#### Requirement:
Output the data below exactly, images excluded.

#### Collected data:

----

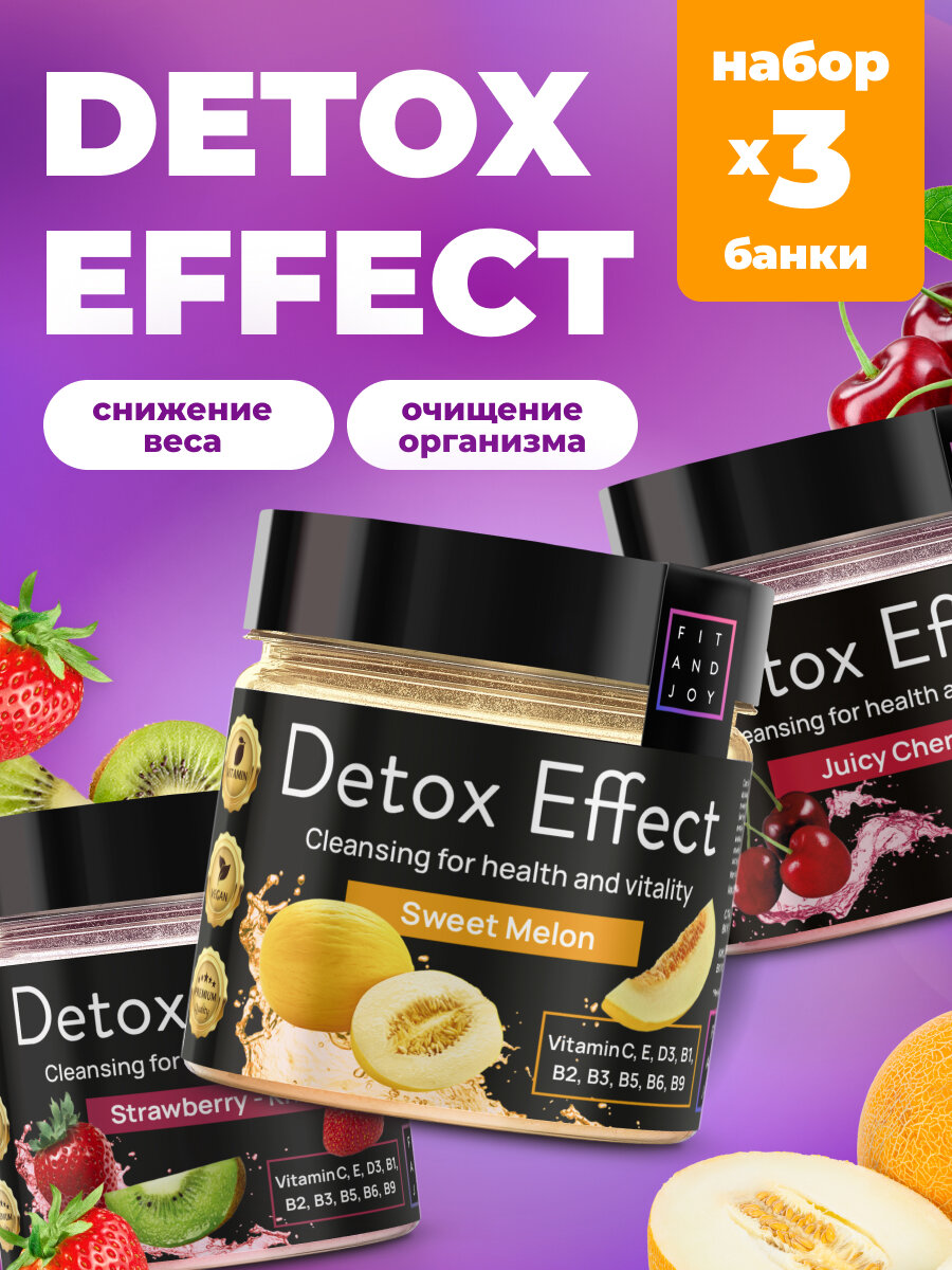 Купить Дренажный напиток для похудения от отеков детокс коктейль Fit and Joy 3 шт, вкус клубника-киви вишня дыня
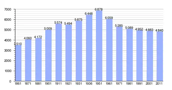 | Variação demográfica do município entre 1861 e 2011[3] |
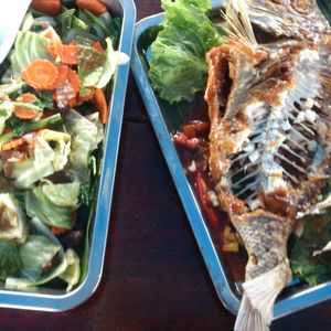 その後昼ご飯。観光客向けに考えられたメニューになっていると思います。米、魚、揚げ物、スパゲッティー、肉料理などどれかは必ず口に合うと思います。バイキング形式なのでおなかいっぱい食べられます。ちなみに乗船中は水、コーラ、お茶飲み放題でした。
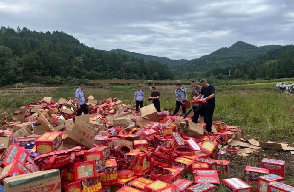 据龚庆榆讯 近日,苍溪县应急管理局联合县公安局等部门在百利镇李家河一处安全区域开展非法烟花爆竹集中销毁行动。

----

#### Output of the exercise:
 Купить Дренажный напиток для похудения от отеков детокс коктейль Fit and Joy 3 шт, вкус клубника-киви вишня дыня
 | Variação demográfica do município entre 1861 e 2011[3] |
 その後昼ご飯。観光客向けに考えられたメニューになっていると思います。米、魚、揚げ物、スパゲッティー、肉料理などどれかは必ず口に合うと思います。バイキング形式なのでおなかいっぱい食べられます。ちなみに乗船中は水、コーラ、お茶飲み放題でした。
 据龚庆榆讯 近日,苍溪县应急管理局联合县公安局等部门在百利镇李家河一处安全区域开展非法烟花爆竹集中销毁行动。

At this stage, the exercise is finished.